Am 24. Mai 1226 hatte Honorius III. – wie wir gesehen – den St.Galler Konvent aufgefordert, nach Ablauf der Abt Rudolf gewährten Frist, eine Neuwahl zu treffen. Aber noch bevor diese Frist abgelaufen war, trat Rudolfs Tod ein. Die Nachricht davon traf drei Wochen später in St.Gallen ein und sogleich schritten die Mönche zur Wahl, um Eingriffe Unberufener, vor allem der Ministerialen, zu verhindern. Am 9. Oktober 1226 wird Konrad von Bussnang gewählt. Dieser gehörte dem im Thurgau ansässigen Freiherrengeschlecht von Bussnang an. Ein Albertus de Bussnang cum filio suo Alberto erscheint 1209 in einer St.Galler Urkunde als Zeuge. Meyer hält diesen Sohn Albert für den Vater Konrads, dessen beide (später genannte) Brüder, Albert von Bussnang und Heinrich von Griessenberg, die Stammväter des in zwei Linien sich zweigenden Hauses wurden.

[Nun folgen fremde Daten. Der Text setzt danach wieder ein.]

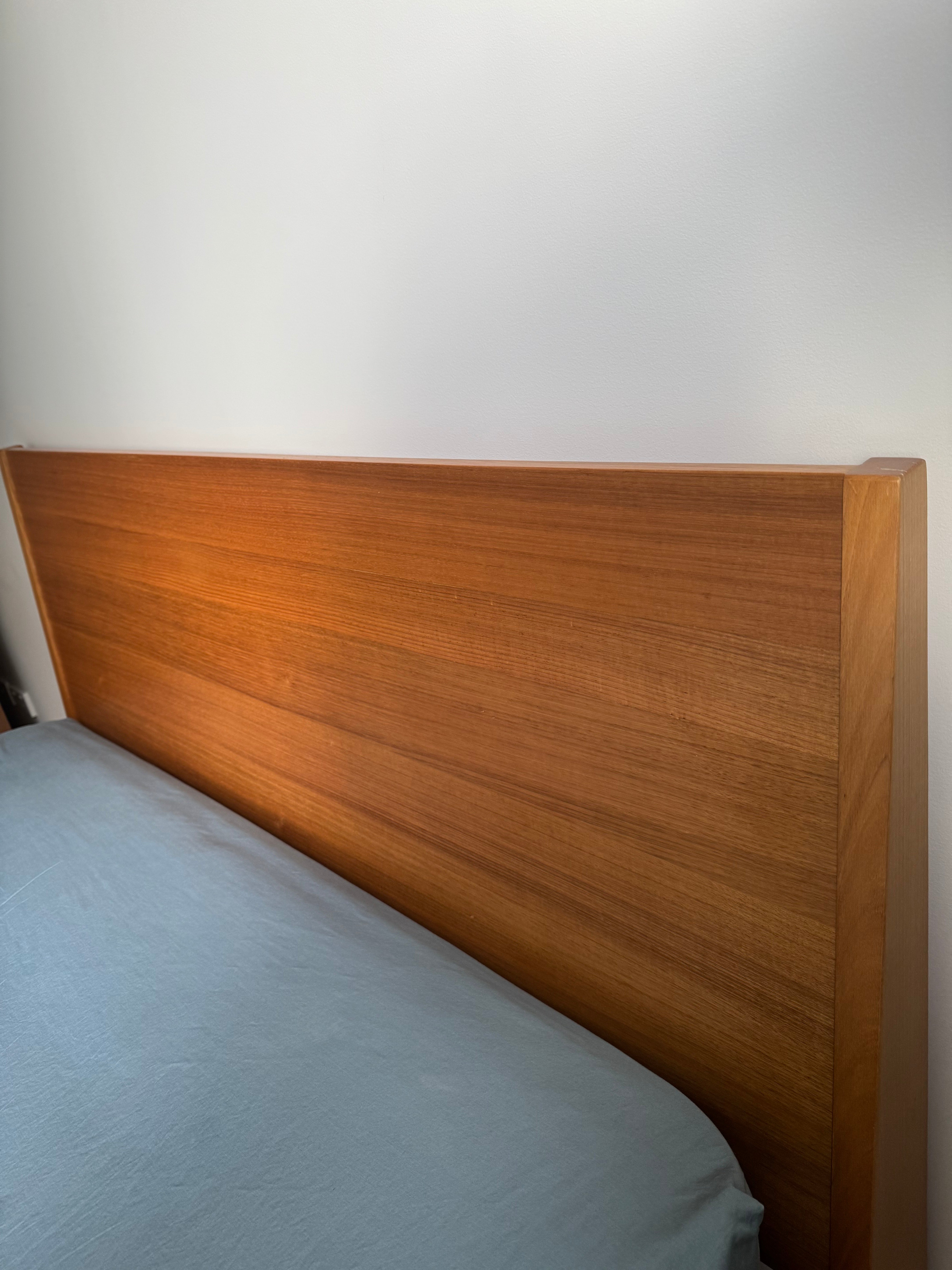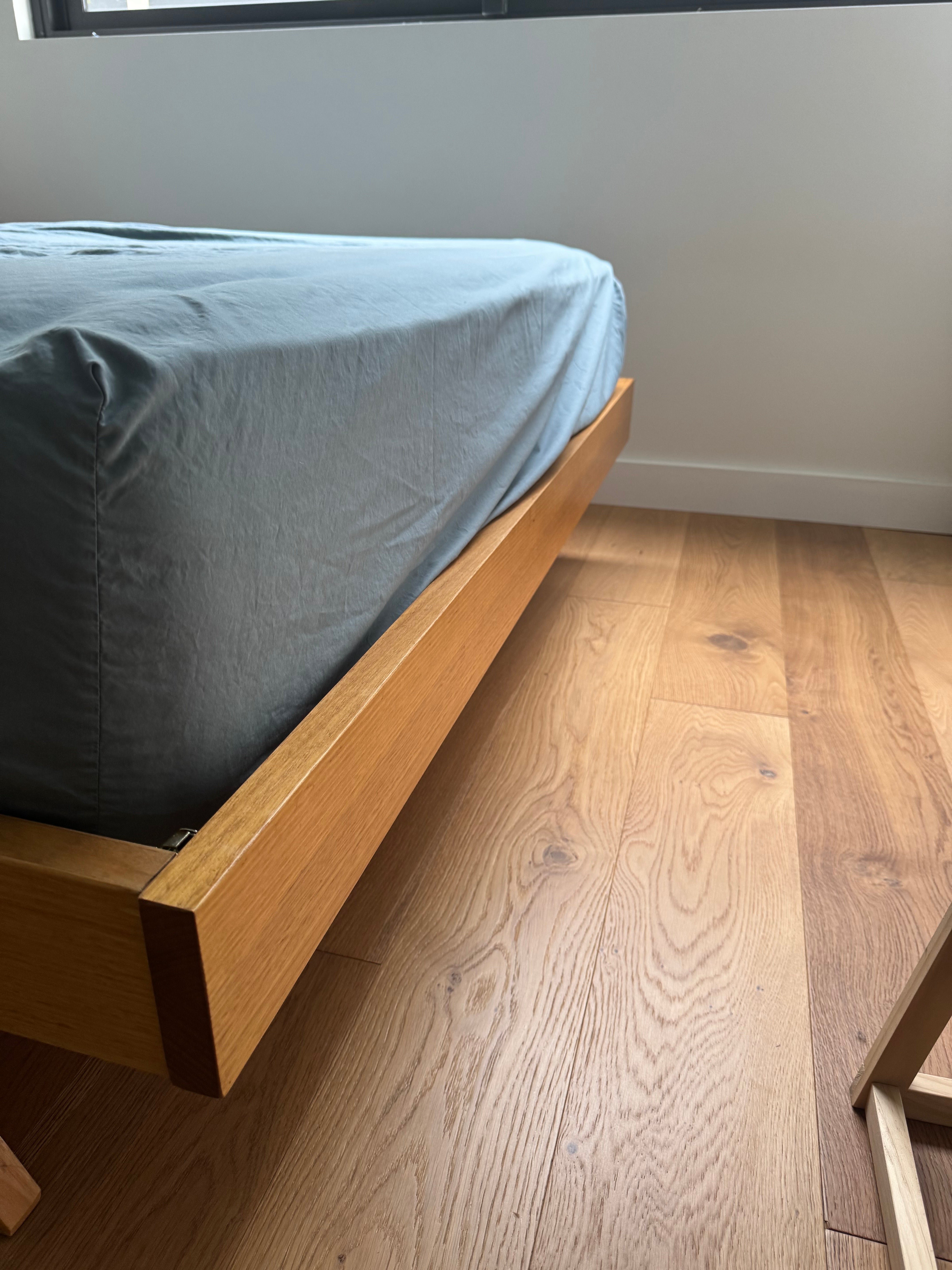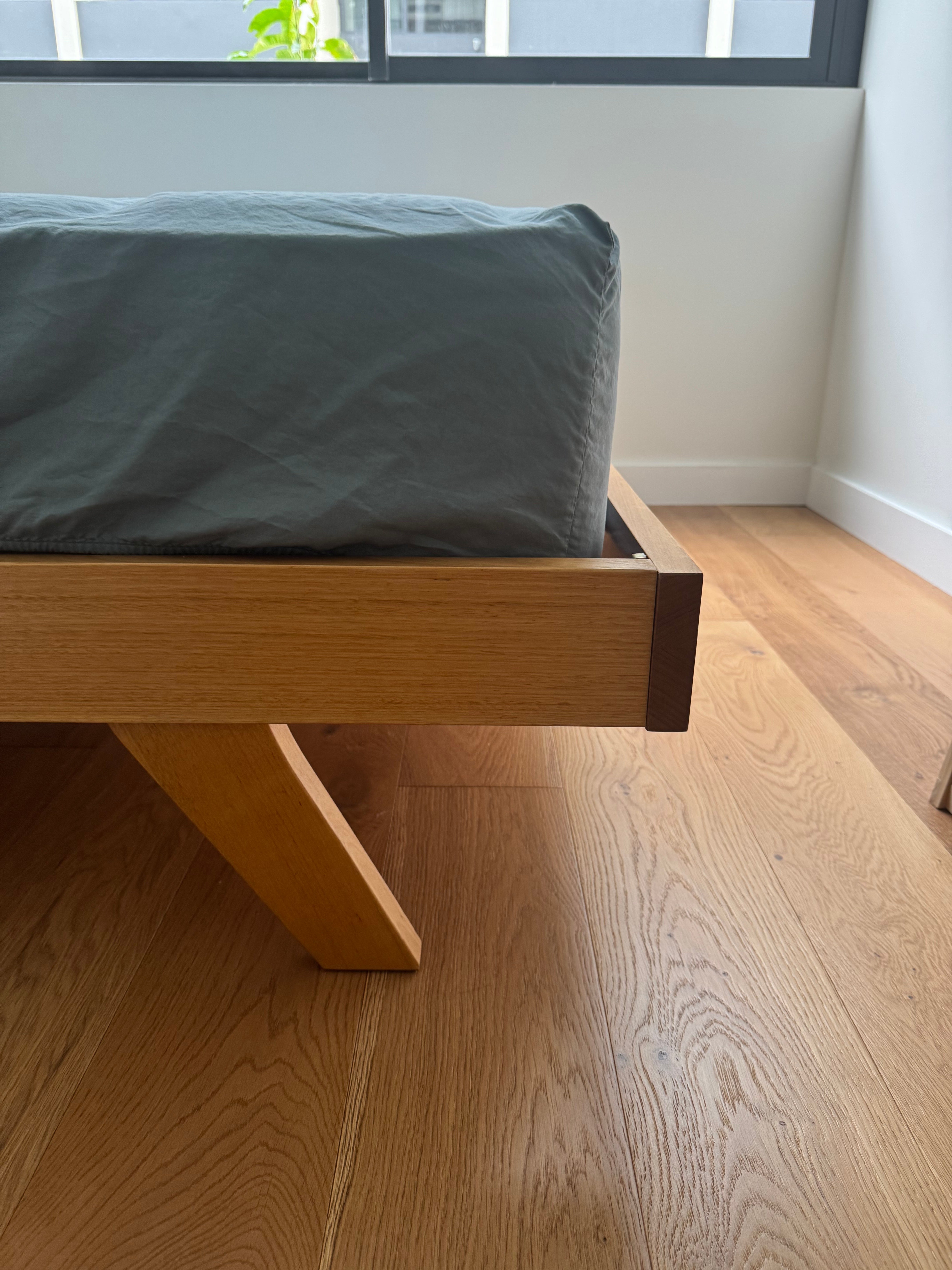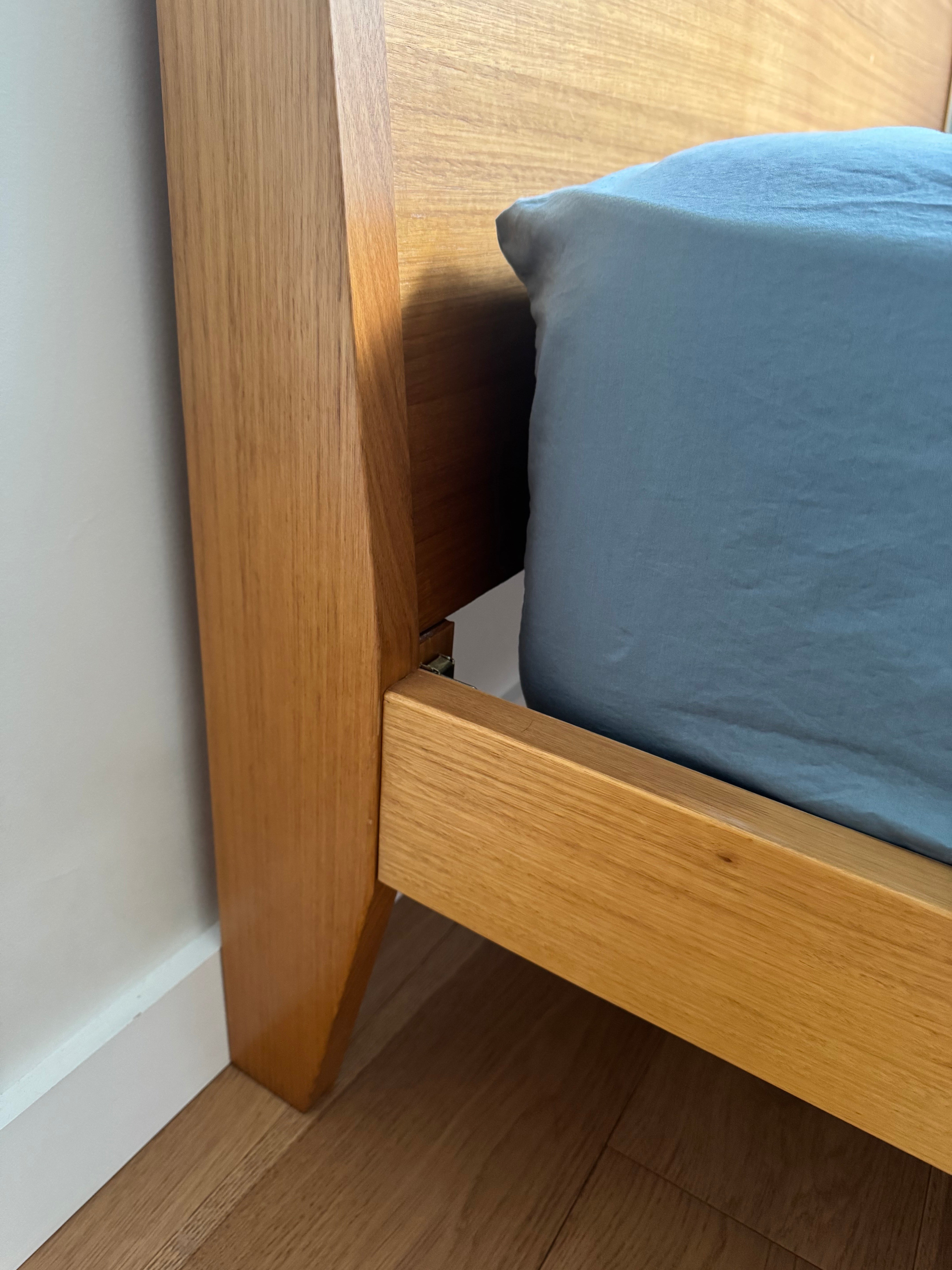 Mark Tuckey Queen Bed Frame. Solid timber headboard with slight angle, front leg detail, and slim frame edge . A simple and elegant timber bedframe that will stand the test of time. Mattress can be included in the price. Headboard H 105cm height, W 160cm. The Mattress is 26cm height. The total bed height from floor including mattress is 56cm. Originally purchased in 2019. Will be disassembled for delivery. Reassembly not included in price but can be requested.
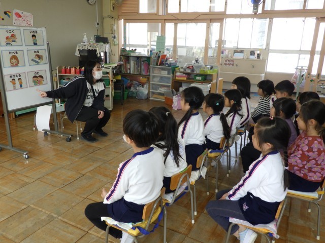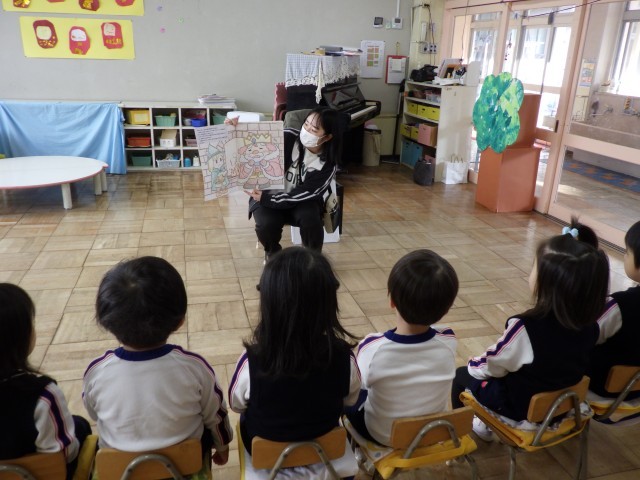 「寒い日の過ごし方」についての保健指導を行いました。手作り絵本「さむがり屋の王様」を通して、体を動かすとポカポカ温かくなることを伝えました。その後、実際に体を動かし、温かくなる感覚を体験したり、寒い日の過ごし方の約束をクラスごとに確認したりしました。

Konrad erscheint vor seiner Wahl1221 und 1222 als Propst. Als solcher hatte er sein Amt zu aller Zufriedenheit versehen, weshalb die Brüder ihn als einen guten Haushalter zum Abte erkoren. Conrad de Fabaria schildert ihn uns als: «etate quidem juvenis, maturus astucia, ingenio callens, forma conspicûûs, statura, que nec longa dici possit nec brevis, hilari voltu, intermixta tamen ruboris forma rigoris ad se quandam habens prenosticam, oculi roscidi formitatem et constanciam signantes viri, dira vox, in blandiendo risibilis, in exasperacione terribilis, sic tamen variabilis, ut dulcedinem dilectis, amaritudinem suspectis intermisceat» (c. 21).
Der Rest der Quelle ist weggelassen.